Thursday, November 02, 2006

Rockettes

This morning when I came downstairs there was a centipede in the sink on the black lid of my thermos mug. I screamed. This will encourage me to do the dishes before bed. Centipedes, I have discovered, love water as much as I do, but this is about all we have in common. If Radio City Music Hall had a centipede perform they wouldn’t have to hire the Rockettes. But they’d have to give out very powerful binoculars to the members of the audience. My grandmother took me to the Radio City Christmas show when I was five. I was fascinated by the infinity of legs. I wanted to grow up to be a Rockette! My mother had other plans for me.

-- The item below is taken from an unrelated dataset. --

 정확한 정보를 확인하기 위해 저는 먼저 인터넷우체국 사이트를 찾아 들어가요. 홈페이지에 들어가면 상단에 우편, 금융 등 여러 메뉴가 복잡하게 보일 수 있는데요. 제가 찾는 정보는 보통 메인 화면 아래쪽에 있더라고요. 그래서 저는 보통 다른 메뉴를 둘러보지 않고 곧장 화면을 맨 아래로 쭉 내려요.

Grandmother Sophie had a vanity covered completely with mirrors. The most fascinating part was the box of mirror that was located where the chair would fit into the desk. My sister and I would kneel down on the carpet and squish ourselves into the mirrored box together and play for hours, clapping and turning our heads, looking at the infinitely repeated reflections of ourselves. The vanity drawers were made of mirror too. I would open them and find combs, hair nets, pink foam curlers, hard plastic curlers, bobby pins, heavy bejeweled pinch-on earrings, screw-on earrings, a million lipsticks, nail polish of all shades, eyebrow pencils, emery boards, more lipsticks, more bobby pins. I was fascinated by the earrings. The pinch ones hurt and the screw-on ones had to be so tight to stay on my six-year-old earlobes that they hurt too. Forget that! The infinity mirror box really was the best part. We’d be in there clapping and moving, watch our synchronized reflection, just like the Rockettes.

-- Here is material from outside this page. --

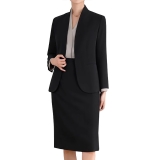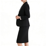 設計風格:採用經典純黑色,無領簡約外套搭配同色系及膝半裙,版型修身利落,風格大氣端莊,適配職場通勤、商務會議及輕正式社交場景。

Grandpa Nat would open the window, even in mid-January, and lay down on the floor in the three-foot-square of sun while holding a reflector under his chin. He’d wear white plastic eye cups over his eyes. He was sunbathing. He loved how his blue eyes would pop when he was suntanned. He’d always accentuate his bright-eyed look by wearing a blue dress shirt. When Grandma would take us down in the elevator and out under the boardwalk to the beach, Grandpa would either nosh or sunbathe or stay at the window with his binoculars and watch the millions of bikini-clad girls from the sixth floor.